**PROMPT**
Write out the full listing below exactly as given.
________
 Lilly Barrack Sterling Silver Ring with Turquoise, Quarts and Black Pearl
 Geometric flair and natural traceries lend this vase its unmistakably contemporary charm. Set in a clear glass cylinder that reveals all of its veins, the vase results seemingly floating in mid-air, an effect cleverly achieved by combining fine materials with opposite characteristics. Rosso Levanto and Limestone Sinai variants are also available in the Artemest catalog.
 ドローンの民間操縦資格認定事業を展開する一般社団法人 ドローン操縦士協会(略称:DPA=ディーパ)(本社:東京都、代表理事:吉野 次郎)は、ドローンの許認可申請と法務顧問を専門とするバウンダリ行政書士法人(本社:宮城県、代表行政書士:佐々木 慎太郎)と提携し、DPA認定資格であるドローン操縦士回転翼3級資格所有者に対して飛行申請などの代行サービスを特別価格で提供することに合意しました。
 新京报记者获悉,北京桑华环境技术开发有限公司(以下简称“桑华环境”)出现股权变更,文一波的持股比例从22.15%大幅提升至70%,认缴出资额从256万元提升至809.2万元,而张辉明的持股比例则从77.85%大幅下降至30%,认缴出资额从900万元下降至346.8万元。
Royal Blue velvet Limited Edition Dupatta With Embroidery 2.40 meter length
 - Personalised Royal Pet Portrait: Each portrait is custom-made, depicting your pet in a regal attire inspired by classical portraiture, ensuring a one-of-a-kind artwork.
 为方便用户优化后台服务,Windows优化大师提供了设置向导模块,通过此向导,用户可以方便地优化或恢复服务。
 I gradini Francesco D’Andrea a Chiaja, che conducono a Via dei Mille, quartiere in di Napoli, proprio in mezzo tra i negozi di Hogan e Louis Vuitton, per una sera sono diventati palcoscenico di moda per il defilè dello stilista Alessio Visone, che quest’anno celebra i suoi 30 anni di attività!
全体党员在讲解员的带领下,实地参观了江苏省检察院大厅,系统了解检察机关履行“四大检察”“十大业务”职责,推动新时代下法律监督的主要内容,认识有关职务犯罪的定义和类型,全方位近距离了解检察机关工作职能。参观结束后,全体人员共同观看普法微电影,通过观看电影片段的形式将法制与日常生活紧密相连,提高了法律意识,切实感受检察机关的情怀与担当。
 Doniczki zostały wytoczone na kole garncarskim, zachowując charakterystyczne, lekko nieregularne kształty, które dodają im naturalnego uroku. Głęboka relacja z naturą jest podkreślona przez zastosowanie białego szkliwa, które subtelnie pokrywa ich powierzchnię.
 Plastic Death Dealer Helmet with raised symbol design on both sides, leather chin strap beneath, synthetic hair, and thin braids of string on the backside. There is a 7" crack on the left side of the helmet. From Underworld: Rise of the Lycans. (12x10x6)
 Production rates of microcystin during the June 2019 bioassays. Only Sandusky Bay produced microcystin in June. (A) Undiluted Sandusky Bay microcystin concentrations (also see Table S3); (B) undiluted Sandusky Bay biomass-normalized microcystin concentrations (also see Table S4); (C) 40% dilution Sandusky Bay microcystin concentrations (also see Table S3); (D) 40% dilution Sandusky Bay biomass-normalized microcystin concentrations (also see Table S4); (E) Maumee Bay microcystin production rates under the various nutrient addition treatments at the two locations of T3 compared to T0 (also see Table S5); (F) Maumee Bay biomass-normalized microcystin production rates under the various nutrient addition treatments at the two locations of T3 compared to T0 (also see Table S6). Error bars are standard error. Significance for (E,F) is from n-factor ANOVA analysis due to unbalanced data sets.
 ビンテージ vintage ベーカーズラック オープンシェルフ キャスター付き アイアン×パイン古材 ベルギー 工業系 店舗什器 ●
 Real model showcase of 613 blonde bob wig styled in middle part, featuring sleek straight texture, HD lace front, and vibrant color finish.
________
**SOLUTION**
 Lilly Barrack Sterling Silver Ring with Turquoise, Quarts and Black Pearl
 Geometric flair and natural traceries lend this vase its unmistakably contemporary charm. Set in a clear glass cylinder that reveals all of its veins, the vase results seemingly floating in mid-air, an effect cleverly achieved by combining fine materials with opposite characteristics. Rosso Levanto and Limestone Sinai variants are also available in the Artemest catalog.
 ドローンの民間操縦資格認定事業を展開する一般社団法人 ドローン操縦士協会(略称:DPA=ディーパ)(本社:東京都、代表理事:吉野 次郎)は、ドローンの許認可申請と法務顧問を専門とするバウンダリ行政書士法人(本社:宮城県、代表行政書士:佐々木 慎太郎)と提携し、DPA認定資格であるドローン操縦士回転翼3級資格所有者に対して飛行申請などの代行サービスを特別価格で提供することに合意しました。
 新京报记者获悉,北京桑华环境技术开发有限公司(以下简称“桑华环境”)出现股权变更,文一波的持股比例从22.15%大幅提升至70%,认缴出资额从256万元提升至809.2万元,而张辉明的持股比例则从77.85%大幅下降至30%,认缴出资额从900万元下降至346.8万元。
Royal Blue velvet Limited Edition Dupatta With Embroidery 2.40 meter length
 - Personalised Royal Pet Portrait: Each portrait is custom-made, depicting your pet in a regal attire inspired by classical portraiture, ensuring a one-of-a-kind artwork.
 为方便用户优化后台服务,Windows优化大师提供了设置向导模块,通过此向导,用户可以方便地优化或恢复服务。
 I gradini Francesco D’Andrea a Chiaja, che conducono a Via dei Mille, quartiere in di Napoli, proprio in mezzo tra i negozi di Hogan e Louis Vuitton, per una sera sono diventati palcoscenico di moda per il defilè dello stilista Alessio Visone, che quest’anno celebra i suoi 30 anni di attività!
全体党员在讲解员的带领下,实地参观了江苏省检察院大厅,系统了解检察机关履行“四大检察”“十大业务”职责,推动新时代下法律监督的主要内容,认识有关职务犯罪的定义和类型,全方位近距离了解检察机关工作职能。参观结束后,全体人员共同观看普法微电影,通过观看电影片段的形式将法制与日常生活紧密相连,提高了法律意识,切实感受检察机关的情怀与担当。
 Doniczki zostały wytoczone na kole garncarskim, zachowując charakterystyczne, lekko nieregularne kształty, które dodają im naturalnego uroku. Głęboka relacja z naturą jest podkreślona przez zastosowanie białego szkliwa, które subtelnie pokrywa ich powierzchnię.
 Plastic Death Dealer Helmet with raised symbol design on both sides, leather chin strap beneath, synthetic hair, and thin braids of string on the backside. There is a 7" crack on the left side of the helmet. From Underworld: Rise of the Lycans. (12x10x6)
 Production rates of microcystin during the June 2019 bioassays. Only Sandusky Bay produced microcystin in June. (A) Undiluted Sandusky Bay microcystin concentrations (also see Table S3); (B) undiluted Sandusky Bay biomass-normalized microcystin concentrations (also see Table S4); (C) 40% dilution Sandusky Bay microcystin concentrations (also see Table S3); (D) 40% dilution Sandusky Bay biomass-normalized microcystin concentrations (also see Table S4); (E) Maumee Bay microcystin production rates under the various nutrient addition treatments at the two locations of T3 compared to T0 (also see Table S5); (F) Maumee Bay biomass-normalized microcystin production rates under the various nutrient addition treatments at the two locations of T3 compared to T0 (also see Table S6). Error bars are standard error. Significance for (E,F) is from n-factor ANOVA analysis due to unbalanced data sets.
 ビンテージ vintage ベーカーズラック オープンシェルフ キャスター付き アイアン×パイン古材 ベルギー 工業系 店舗什器 ●
 Real model showcase of 613 blonde bob wig styled in middle part, featuring sleek straight texture, HD lace front, and vibrant color finish.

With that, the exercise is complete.